By combining the twin advantages of multitudinous amplification of inter-Alu sequences through the joint usage of H-type and T-type primers, and massively parallel next-generation sequencing, AluScan thus provides a new method for genome-wide investigation in addition to whole genome sequencing (WGS) and whole exome sequencing (WES). WGS is the standard in comprehensiveness, but incurs high operation cost, large computation workload and multi-microgram DNA requirement. WES provides integral insight into the entire exome, but leaves the intronic regions uncharacterized, besides incurring high capture cost and multi-microgram DNA requirement. AluScan permits an examination of gene-enriched segments of exons, introns and intergenic sequences requiring comparatively modest capture and sequencing costs, lighter computation workload and only sub-microgram DNA samples. These three methods complement one another, together making possible a comprehensive analysis of sequence and structure variations of the human genome.

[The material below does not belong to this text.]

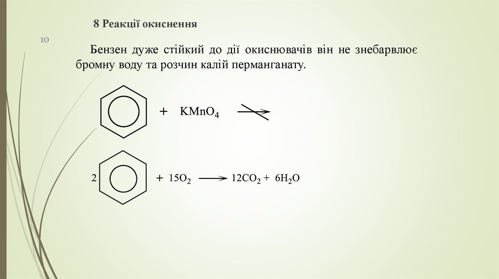 Бензен дуже стійкий до дії окиснювачів він не знебарвлює

AluScan implemented with just a small number of PCR primers based on consensus Alu sequences provides a multiplex method for genome-wide sequence analysis. Through the inclusion of H and T type primers, the approach employs the abundance and wide distribution of Alu elements in the human genome as the basis for the effective capture of a huge number of DNA sequences in the vicinity of Alu elements. As demonstrated by the strong correlation between the captured white blood cell and glioma sequences, the same set of H and T-type primers has led to an extensively reproducible subset of genomic sequences in the two separate AluScans. As well, at least for this set of H and T-type primers, the captured sequences were enriched in genic and cancer-related DNA sequences.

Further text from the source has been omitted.